# We're having a friend over this weekend



## ecchef (Oct 9, 2014)

Typhoon 19W. Cat 4 as of right now...


----------



## Dave Martell (Oct 9, 2014)

I thought that the typhoon past you guys a few days ago, is this another one?


----------



## ecchef (Oct 9, 2014)

Yup. The fun never ends! 
And this is a 3 day weekend too.


----------



## Dave Martell (Oct 9, 2014)

Hunker down at the NCO club I guess?


----------



## ecchef (Oct 9, 2014)

Only if the waitresses stay!


----------



## mc2442 (Oct 9, 2014)

There are worse ways to weather a storm


----------



## SameGuy (Oct 10, 2014)

I was thinking about you when Phanfone clobbered Okinawa. Did you know those who were lost?


----------



## apicius9 (Oct 10, 2014)

Stay safe, with or without waitresses!

Stefan


----------



## JBroida (Oct 10, 2014)

yeah... okinawa is going to get hit hard. I'm in tokyo right now, and you can clearly feel that "just before the typhoon" weather. Thankfully, i'm going north tomorrow, but hope you guys stay safe down there. It looks crazy from what i can see on the news here.

-Jon


----------



## XooMG (Oct 10, 2014)

Taiwan's getting rain from it, but everyone's been getting on their roofs and fanning eastward to drive the storm up to you guys in Japan. Sharing is caring. Stay dry and safe.


----------



## Pcol2000 (Oct 10, 2014)

Stay safe EC. let me know if you need anything.


----------



## ecchef (Oct 10, 2014)

SameGuy said:


> I was thinking about you when Phanfone clobbered Okinawa. Did you know those who were lost?
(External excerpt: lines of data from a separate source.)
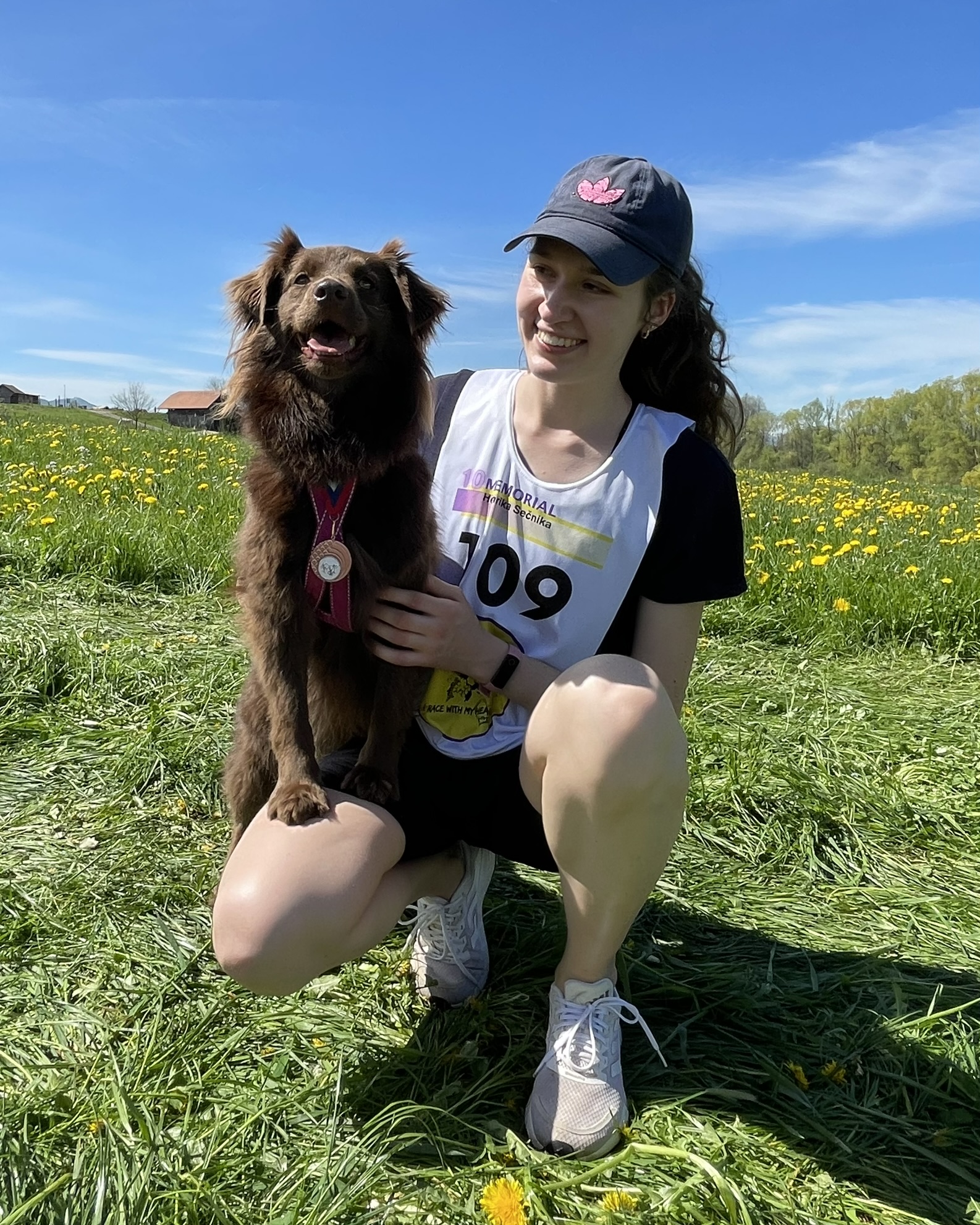 Leto prej, spomladi 2022, pa je mi je življenje na glavo obrnila navihana rešenka Bruna. Splet okoliščin in naključij je pripeljal do tega, da je pri njenih približno 8 mesecih našla svoj stalen dom pri meni. Kaj hitro sem ugotovila, da je to zelo drugačen pes od Thora. Bruna me je »prisilila«, da se poglobim v pasjo psihologijo, govorico in dejavnike genetike, ki je pri njej en velik vprašaj, saj je bila zapuščena kot edini mladiček. Njena vzgoja in šolanje je zahtevalo veliko mero potrpežljivosti in vztrajnosti, hkrati pa se še zdaj pojavljajo novi izzivi, s katerimi se skupaj spopadava. Tako sva spomladi 2023 najprej uspešno opravili Bbh izpit, nato pa jeseni postali samostojni terapevtski par. Vmes pa sva se navdušili nad pasjimi športi – canicrossom in agilityjem.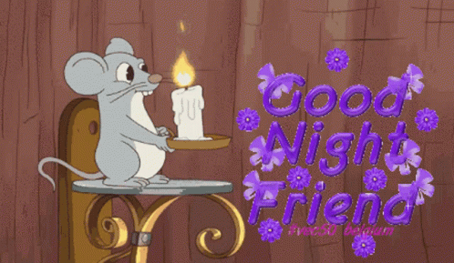 A charming cartoon mouse holds a lit candle, wishing 'Good Night Friend' with a touch of #vec50 belgium.
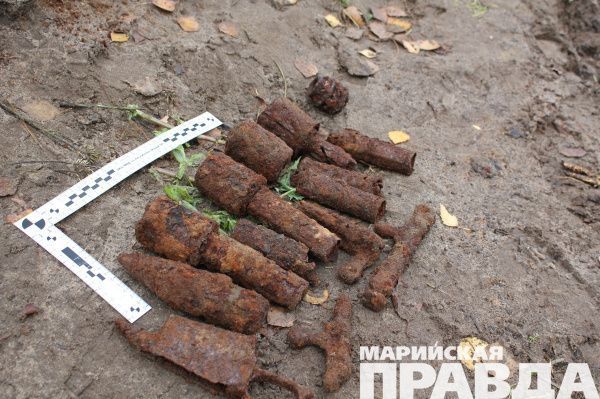 Прибывшие на место специалисты инженерно-технической группы ОМОН регионального отдела Росгвардии убедились, что кроме четырех ручных гранат, в земле были спрятаны три ручки к ним, тротиловая шашка для гранат и пустой 45-миллиметровый снаряд. Тротил омоновцы передали сотрудникам МВД, а оставшуюся часть клада изъяли, чтобы уничтожить, - сообщает пресс-служба отдела Росгвардии по Марий Эл.
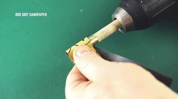 La espiga de madera de 10mm de la abrazadera en el taladro y puso su concha sobre él, debe ajustarse bien y apretado. Todo esto actúa como un torno simple, perfecto para un lijado rápido. Estaba usando grano de 400 y 800 lija para limpiar la cáscara.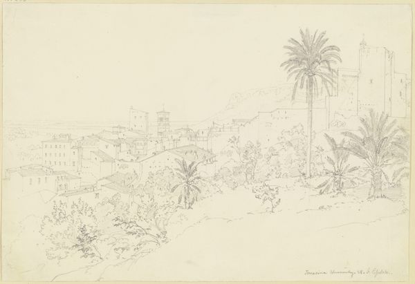 Curator: So ethereal! It’s almost as if the whole scene is exhaling, a whisper of landscape held on paper. Editor: It’s lighter than I expected; looking at “Blick auf den Pan de Guajaibón auf Kuba,” from 1852 by Adolf Hoeffler, I find it striking how humble the materials are—graphite and pencil on paper—given the grand scale of the vista he captures. Curator: Exactly! It’s a lesson, really, that impact isn’t about grandeur or extravagance. Think about how he must have wrestled with the landscape before translating it into this medium. The work required, perhaps? The struggle of portraying land? Editor: Well, the romantic ideal certainly suggests a wrestling of sorts. But it's worth remembering the pencil itself. Where did it come from? The graphite mines, the wood... that landscape translated also represents extraction. How do we see romanticism through the labor of the materials, what resources were required? Curator: Hmm, that adds another dimension, doesn't it? There's a certain wistful quality, this feeling of immense natural space rendered in delicate strokes. The mountain in the distance seems like a memory more than a solid form, as the crown that touches the sky is far in the distance. Perhaps the artist wants the viewer to interpret the vast amount of untouched land? Editor: Or consider the consumer. The finished drawing could find its way back to Europe, reinforcing ideas of exotic locales while glossing over colonial realities. It's romantic consumption at work. This drawing, then, as more than aesthetic pleasure. Curator: You know, for a landscape seemingly captured on the spot, it invites an abundance of thought. There's a longing imbued in this sketch. It feels less like a topographical record and more like a tender farewell to the landscape. Editor: Agreed, this landscape transcends simple visual enjoyment, especially after a second look at its complex relationship to industrial resources and empire building of the era. Thanks, I appreciated the conversation! Curator: My pleasure. Looking at it with you made me reflect about art and its ability to evoke all ranges of reflection, it almost moves my spirit.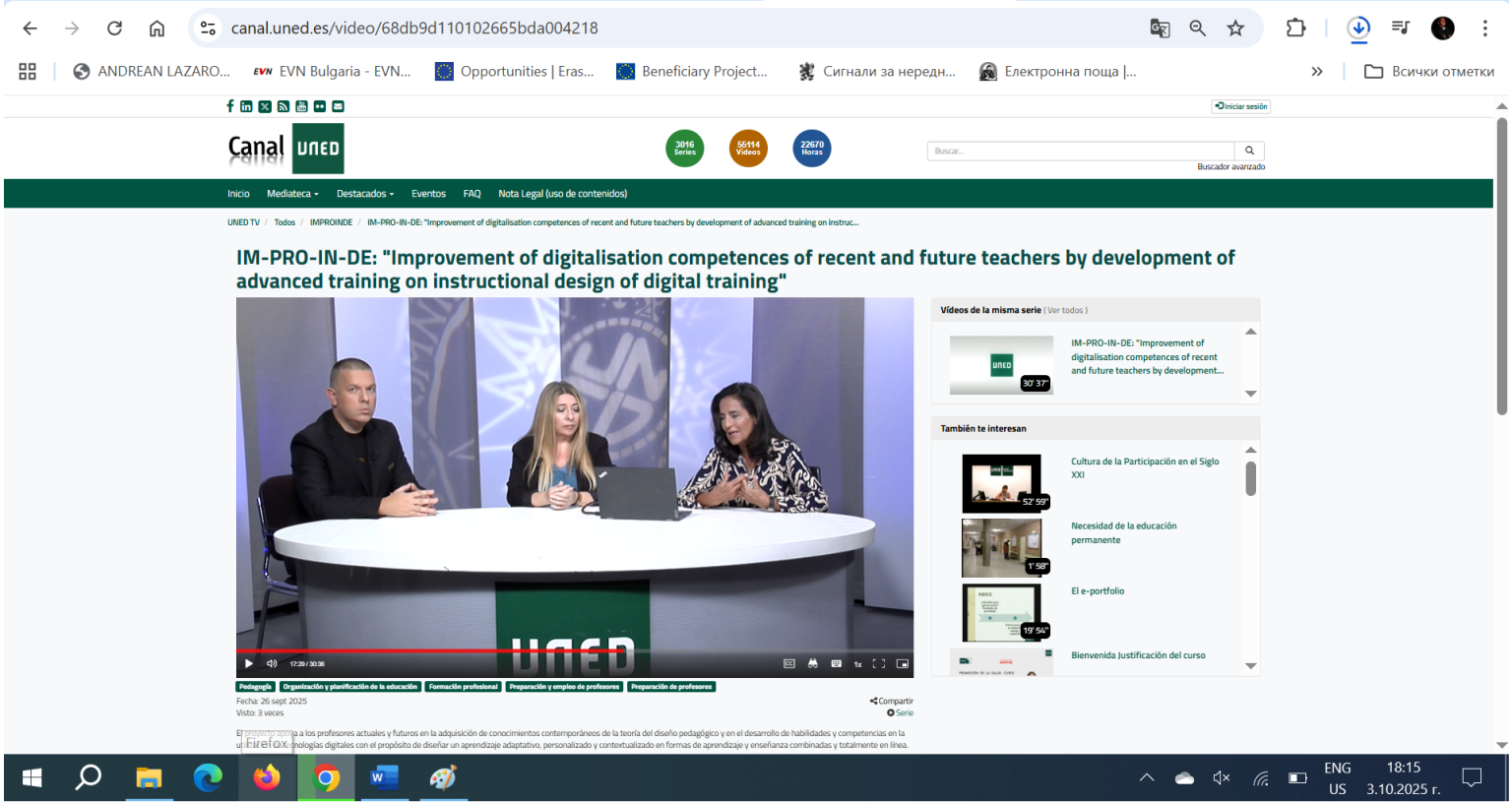 The video class titled “IM-PRO-IN-DE: ‘Improvement of digitalisation competences of recent and future teachers by development of advanced training on instructional design of digital training’” is now available on UNED Channel. Here you may find all information related to the pilot implementation phase and presentation of the project results by Prof. PhD Cristina Sanchez Romero (UNED), Prof. PhD Pilar Gutiez Cuevas (AMPAT) and Mr. Andrean Lazarov (BIST). It was promoted via UNED TV Channel with more than 200 000 students and teachers all over Spain and Latin America.

No. They were Air Force; That's Chefu's neck of the woods.

Guess the Japan MotoGP event is off. I was looking forward to watching that. 
My biggest concern is trying to figure out where the dog is going to poop tomorrow.
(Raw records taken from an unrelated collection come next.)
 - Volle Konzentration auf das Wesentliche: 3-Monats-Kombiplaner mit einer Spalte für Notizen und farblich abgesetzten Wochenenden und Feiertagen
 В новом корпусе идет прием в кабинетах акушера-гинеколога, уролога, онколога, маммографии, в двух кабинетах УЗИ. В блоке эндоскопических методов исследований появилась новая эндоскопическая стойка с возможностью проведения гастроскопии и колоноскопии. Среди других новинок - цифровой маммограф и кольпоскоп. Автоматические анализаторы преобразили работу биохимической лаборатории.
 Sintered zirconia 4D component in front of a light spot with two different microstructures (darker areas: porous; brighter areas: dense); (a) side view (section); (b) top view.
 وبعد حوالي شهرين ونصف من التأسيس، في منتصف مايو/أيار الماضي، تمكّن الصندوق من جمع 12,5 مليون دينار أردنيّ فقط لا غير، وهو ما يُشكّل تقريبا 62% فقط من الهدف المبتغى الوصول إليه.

Pcol...thanks for support! Same here.


----------



## Dave Martell (Oct 10, 2014)

What do you do with thousands of bored Marines during a storm?


----------



## 99Limited (Oct 10, 2014)

Dave Martell said:


> What do you do with thousands of bored Marines during a storm?
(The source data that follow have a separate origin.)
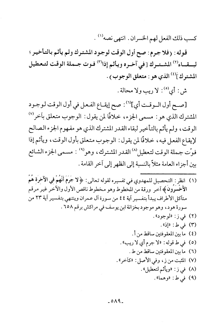قوله: (فلا جرم: صح أول الوقت لوجود المشترك ولم يأثم بالتأخير؛ لبقاء (٢) المشترك [في آخره ويأثم إِذا (٣) فوت جملة الوقت لتعطيل المشترك] (٤) الذي هو: متعلق الوجوب).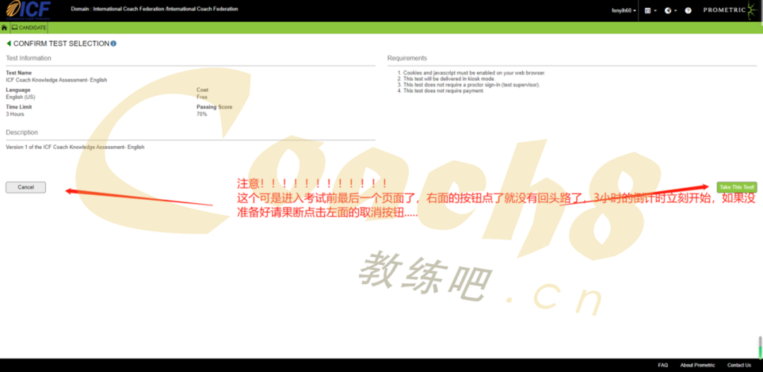 然后,点开考试系统链接,输入ICF提供给你的账号密码,一定要注意大小写。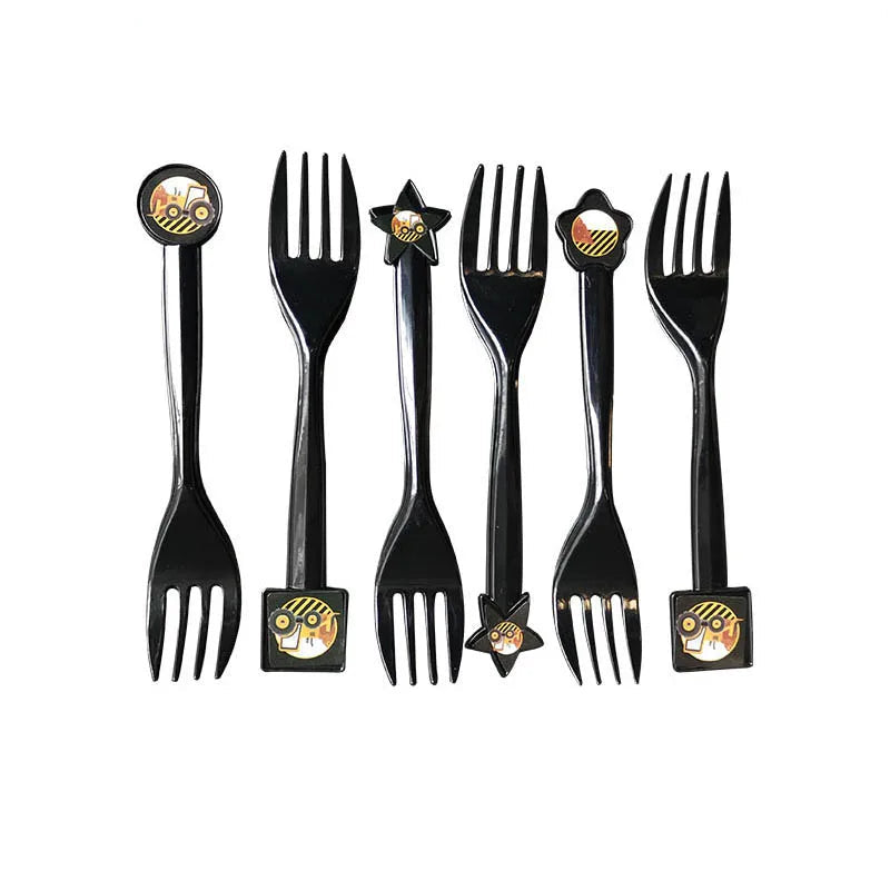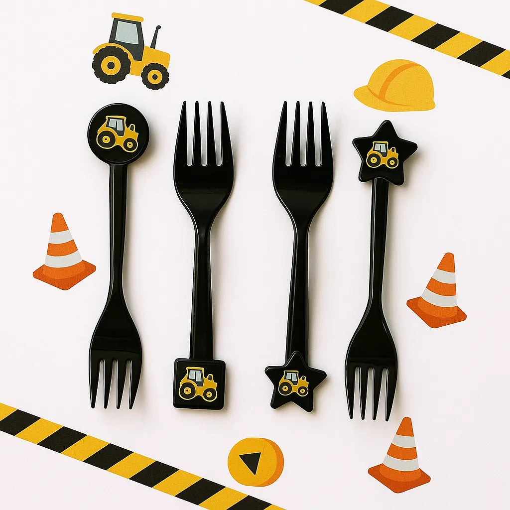 - Parfaites pour les anniversaires de petits bâtisseurs, ces fourchettes sur le thème du chantier ajoutent une touche ludique à votre table.

Send them out for a 30km PT exercise. With full pack and gear. :viking:


----------



## ecchef (Oct 11, 2014)

It sucks for them. When it goes to TCCOR 1E those guys are locked down in the barracks. All alcohol sales were cut off last night by 2100.


----------



## ecchef (Oct 15, 2014)

Nicely followed up by a Mag 2 quake today. Better than ebola though!


----------